Conasprella nereis

Scientific classification
- Kingdom: Animalia
- Phylum: Mollusca
- Class: Gastropoda
- Subclass: Caenogastropoda
- Order: Neogastropoda
- Superfamily: Conoidea
- Family: Conidae
- Genus: Conasprella
- Species: C. nereis
- Binomial name: Conasprella nereis (Petuch, 1979)
- Synonyms: Conus nereis Petuch, 1979

= Conasprella nereis =

- Authority: (Petuch, 1979)
- Synonyms: Conus nereis Petuch, 1979

Species of gastropod

Conasprella nereis is a species of sea snail, a marine gastropod mollusk in the family Conidae, the cone snails and their allies.

==Description==
The length of the shell varies between 19 mm and 27 mm. "Shell of Conasprella nereis is thin delicate smooth and glossy, its outline straight-sided and elongate; the shoulder is smooth, sharp and distinctly carinate with a small groove just anterior to the shoulder carina.
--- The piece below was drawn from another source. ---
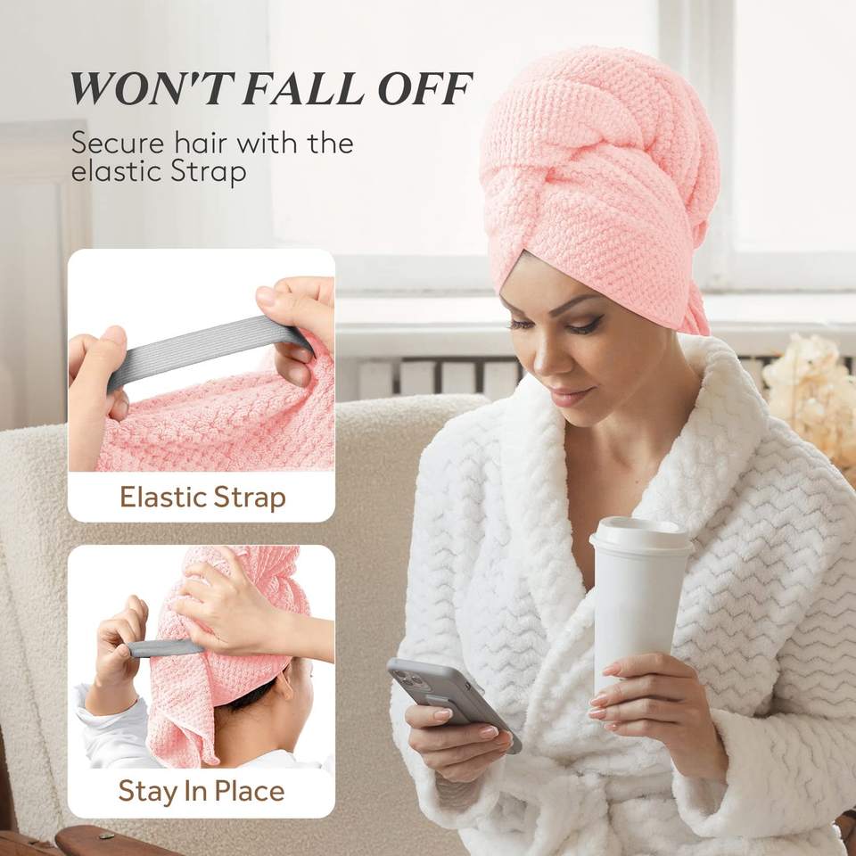 Turbante grande de microfibra para el cabello para mujer, envoltura de toalla de secado rápido antiencrespamiento con correa elástica, técnica tejida para cabello húmedo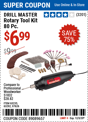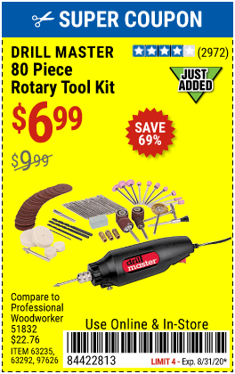 80 PIECE ROTARY TOOL KIT Lot No. 68986/97626/63292/63235 Expired: 7/2/20 - $6.99 Coupon Code: '13124753'

The anterior one-third of the shell has six to eight wide and deeply incised spiral sulci. Shell colour is pale blue-white with three light brown bands: one just anterior to the shoulder, one at mid-body and one anterior to the mid-body line. Three to four rows of alternating brown and white dashes between brown bands: dashes are rectangular-shaped, giving the shell a checkerboard effect. Spire colour is white with alternating dark brown, crescent-shaped brown flammules, said flammules extending from the suture across the shoulder, on to the body whorl, producing a pattern of alternating white and dark brown dashes along the shoulder carina. The aperture of the shell is pale lilac, and its periostracum is thin, smooth and translucent yellow-brown."
==Distribution==
Locus typicus: "Approximately 250 metres depth off Panglao, Bohol Isl., Philippines."

This marine species occurs off the Philippines and in the Makassar Strait.

==Habitat==
"Like Conus aphrodite and Conus boholensis, Conus nereis is a member of the mud bottom community that borders the Philippine Trenches. It is sympatric with the same gastropods."